| GOAL OF THE EXERCISE |
With the pictures left aside, write out exactly the lines of the listing below from the line with "Metallgrinder med 2" to the line with "dual jump Seats", both included, and only those.

| EXERCISE INPUTS |
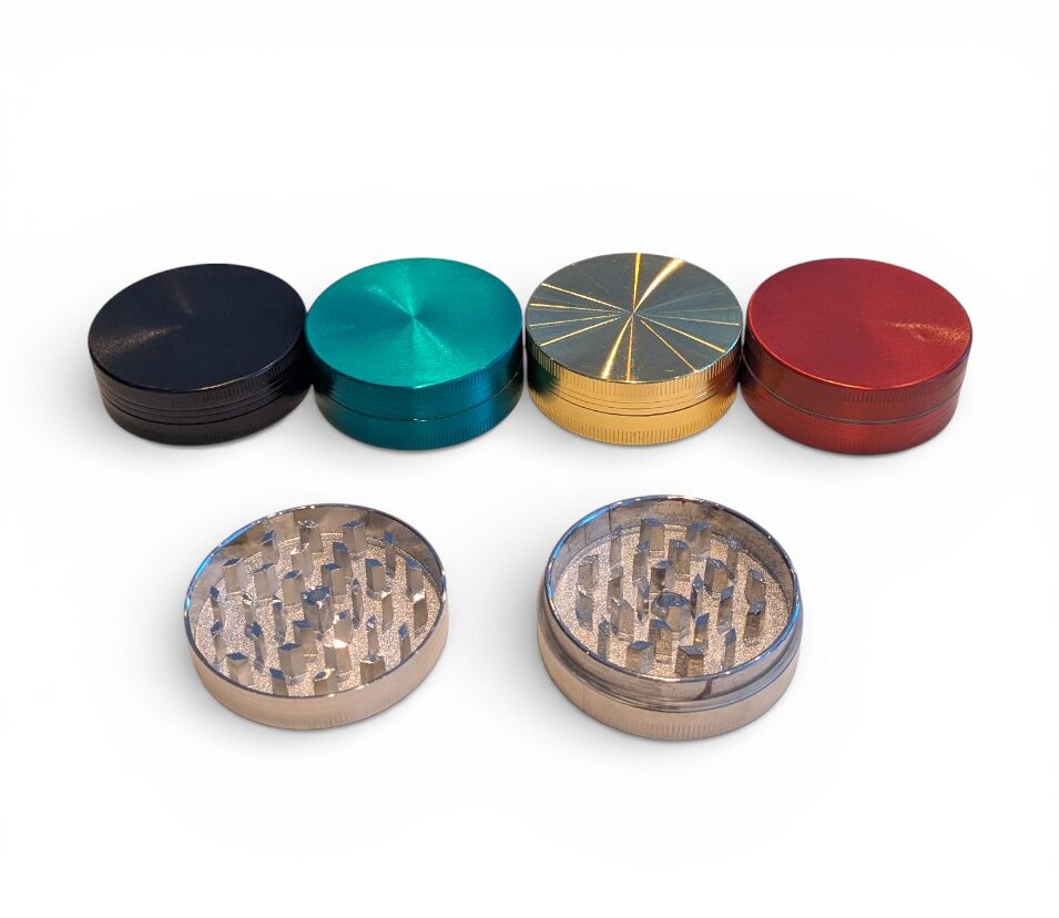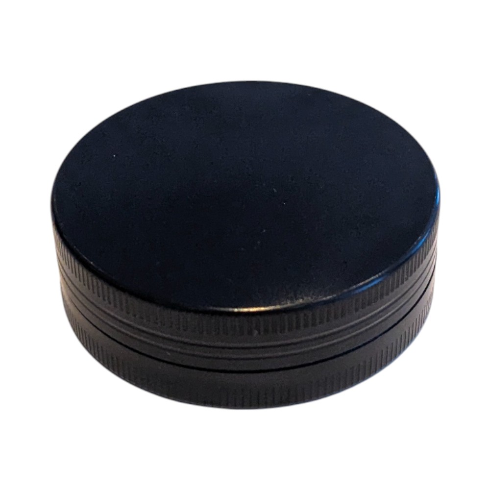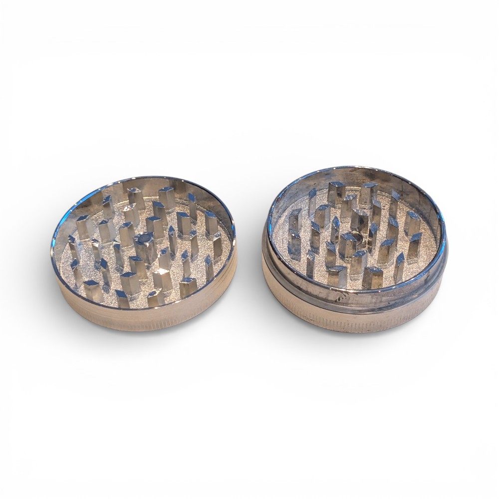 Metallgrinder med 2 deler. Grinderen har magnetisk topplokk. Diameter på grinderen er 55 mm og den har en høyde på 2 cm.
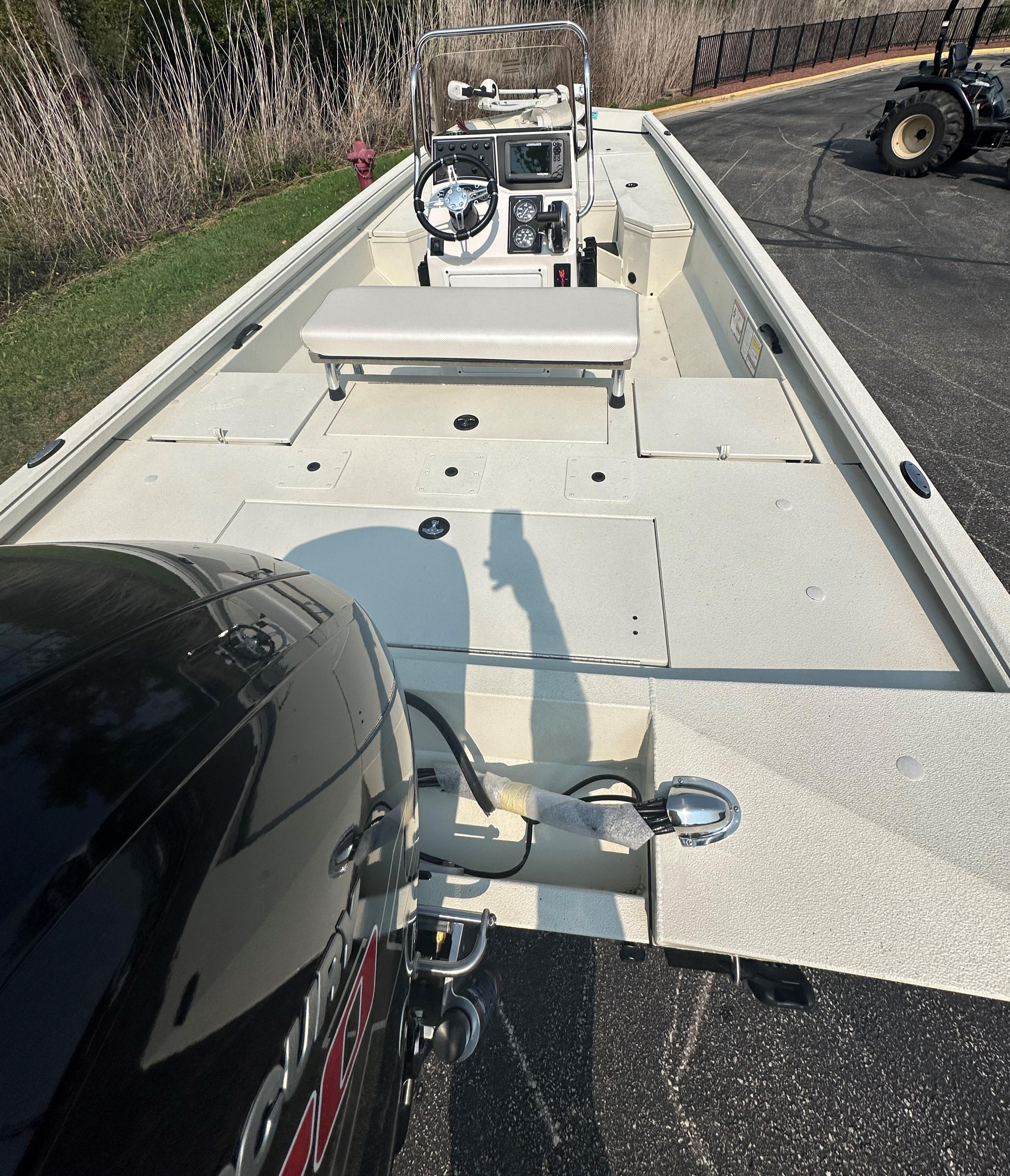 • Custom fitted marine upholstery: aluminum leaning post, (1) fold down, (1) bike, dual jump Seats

* * *

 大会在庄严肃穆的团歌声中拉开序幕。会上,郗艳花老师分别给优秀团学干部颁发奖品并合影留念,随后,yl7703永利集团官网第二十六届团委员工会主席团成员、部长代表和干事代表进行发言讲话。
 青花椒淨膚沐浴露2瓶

| EXERCISE SOLUTION |
 Metallgrinder med 2 deler. Grinderen har magnetisk topplokk. Diameter på grinderen er 55 mm og den har en høyde på 2 cm.
 • Custom fitted marine upholstery: aluminum leaning post, (1) fold down, (1) bike, dual jump Seats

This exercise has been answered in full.